## [REQUIREMENT]
A word-for-word copy is needed of the line containing "Svenskt Tenns dubbelvävda" and every line after it through the end of the records below, leaving out all pictures.

Items from a dataset:
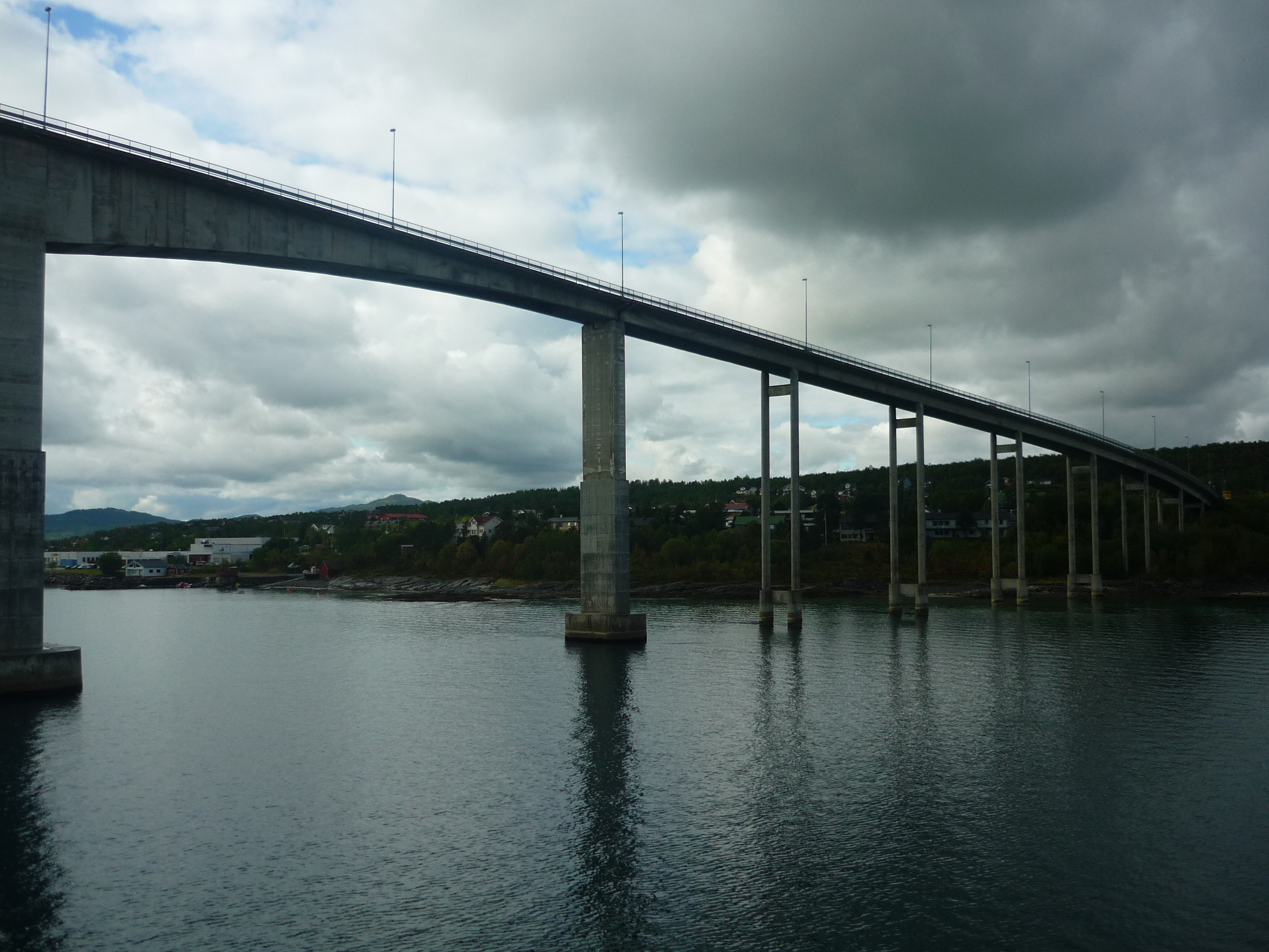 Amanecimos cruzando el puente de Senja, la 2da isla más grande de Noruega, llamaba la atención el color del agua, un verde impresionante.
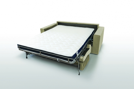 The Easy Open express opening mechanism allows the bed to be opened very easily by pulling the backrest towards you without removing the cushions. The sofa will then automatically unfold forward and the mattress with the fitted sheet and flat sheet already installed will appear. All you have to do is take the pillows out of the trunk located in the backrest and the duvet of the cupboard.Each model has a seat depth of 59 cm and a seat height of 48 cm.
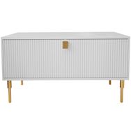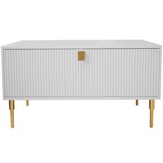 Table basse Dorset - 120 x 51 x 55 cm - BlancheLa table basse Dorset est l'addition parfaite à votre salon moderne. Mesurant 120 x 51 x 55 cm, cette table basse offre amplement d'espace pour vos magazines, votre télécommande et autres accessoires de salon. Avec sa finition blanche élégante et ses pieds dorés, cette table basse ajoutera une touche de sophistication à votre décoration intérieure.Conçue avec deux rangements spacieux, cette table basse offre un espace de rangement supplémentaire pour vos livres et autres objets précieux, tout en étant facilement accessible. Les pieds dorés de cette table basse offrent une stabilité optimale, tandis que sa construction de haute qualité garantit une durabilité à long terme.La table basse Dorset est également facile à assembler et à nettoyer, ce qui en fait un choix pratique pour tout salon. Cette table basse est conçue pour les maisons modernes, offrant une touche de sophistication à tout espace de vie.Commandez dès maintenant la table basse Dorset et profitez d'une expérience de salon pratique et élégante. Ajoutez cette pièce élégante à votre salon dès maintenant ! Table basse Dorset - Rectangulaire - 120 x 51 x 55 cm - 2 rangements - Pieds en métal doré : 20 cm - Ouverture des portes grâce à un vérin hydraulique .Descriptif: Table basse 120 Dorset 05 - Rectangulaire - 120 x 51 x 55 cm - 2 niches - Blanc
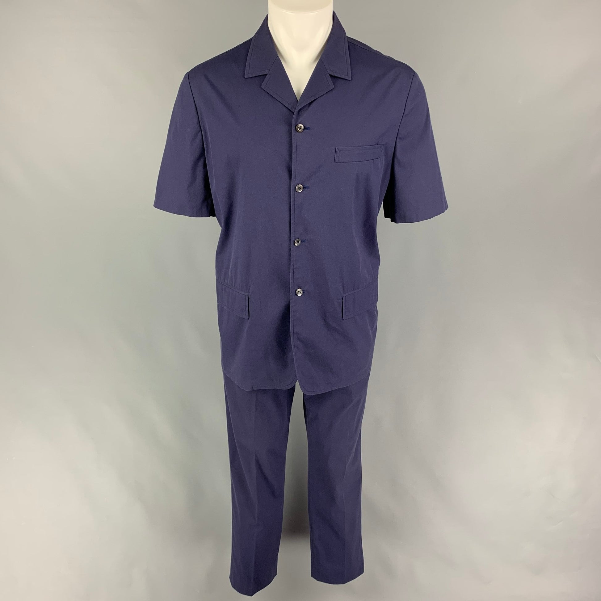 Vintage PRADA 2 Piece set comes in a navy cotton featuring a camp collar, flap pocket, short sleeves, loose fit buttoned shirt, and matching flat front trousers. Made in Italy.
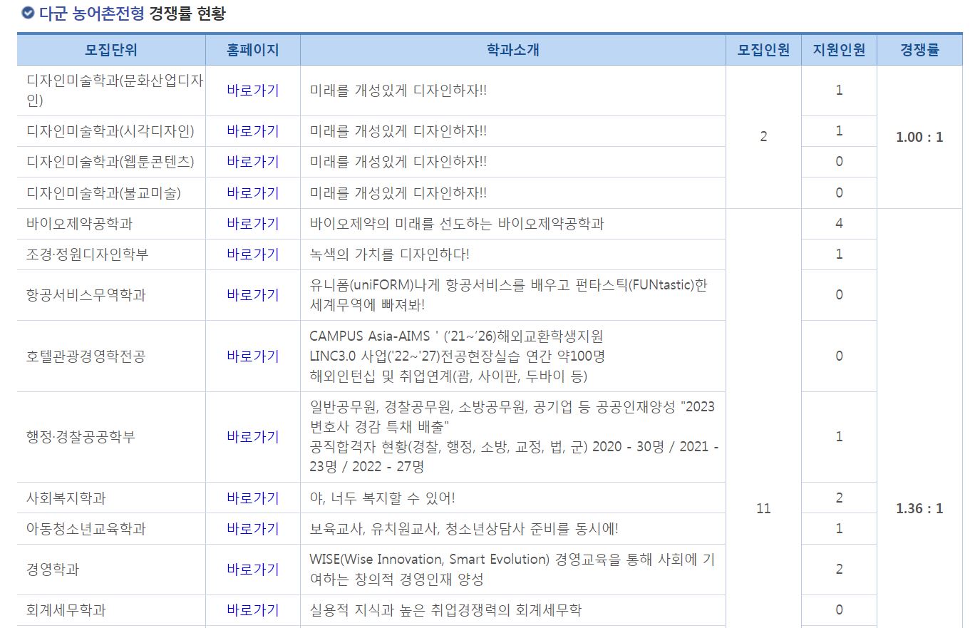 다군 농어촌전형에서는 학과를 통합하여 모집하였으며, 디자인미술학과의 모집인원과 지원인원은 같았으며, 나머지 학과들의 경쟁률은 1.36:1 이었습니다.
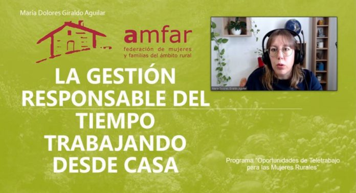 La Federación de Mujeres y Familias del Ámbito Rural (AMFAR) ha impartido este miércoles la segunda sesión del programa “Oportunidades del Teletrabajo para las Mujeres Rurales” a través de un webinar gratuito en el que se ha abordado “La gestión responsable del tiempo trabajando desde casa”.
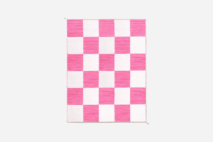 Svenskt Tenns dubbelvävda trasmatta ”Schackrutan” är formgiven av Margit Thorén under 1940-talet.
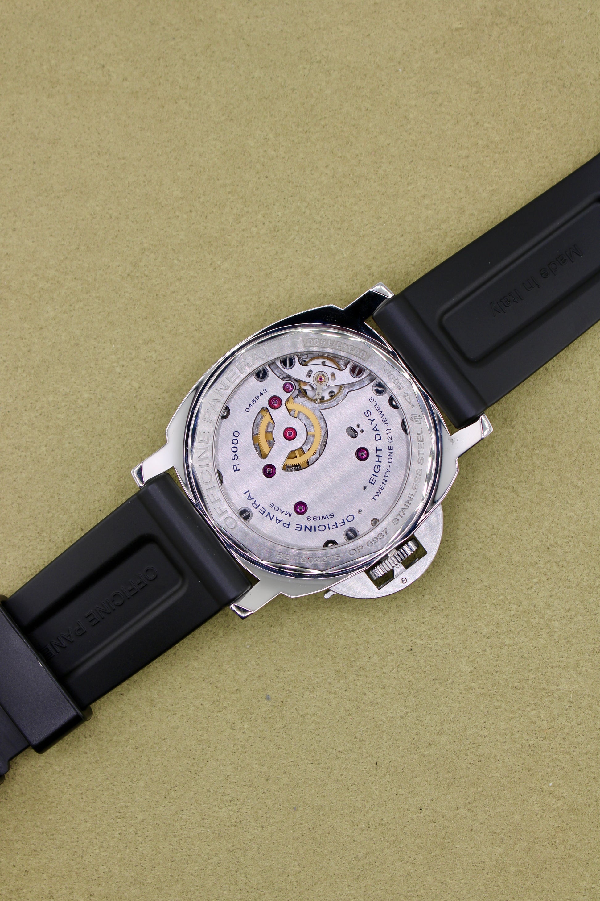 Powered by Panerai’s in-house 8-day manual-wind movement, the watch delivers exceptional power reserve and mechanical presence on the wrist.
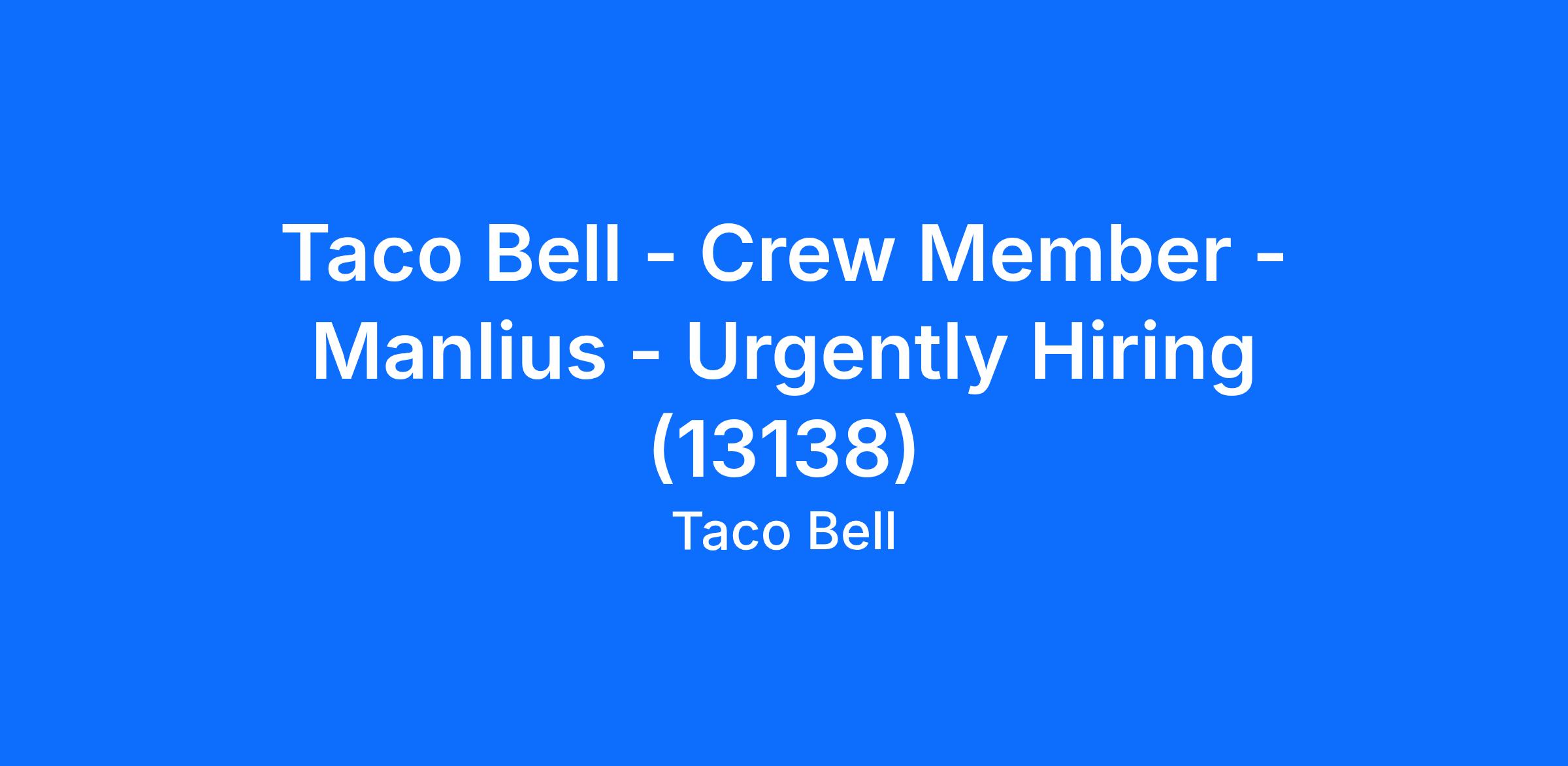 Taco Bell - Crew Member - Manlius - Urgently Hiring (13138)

## [WRITTEN SOLUTION]
 Svenskt Tenns dubbelvävda trasmatta ”Schackrutan” är formgiven av Margit Thorén under 1940-talet.
 Powered by Panerai’s in-house 8-day manual-wind movement, the watch delivers exceptional power reserve and mechanical presence on the wrist.
 Taco Bell - Crew Member - Manlius - Urgently Hiring (13138)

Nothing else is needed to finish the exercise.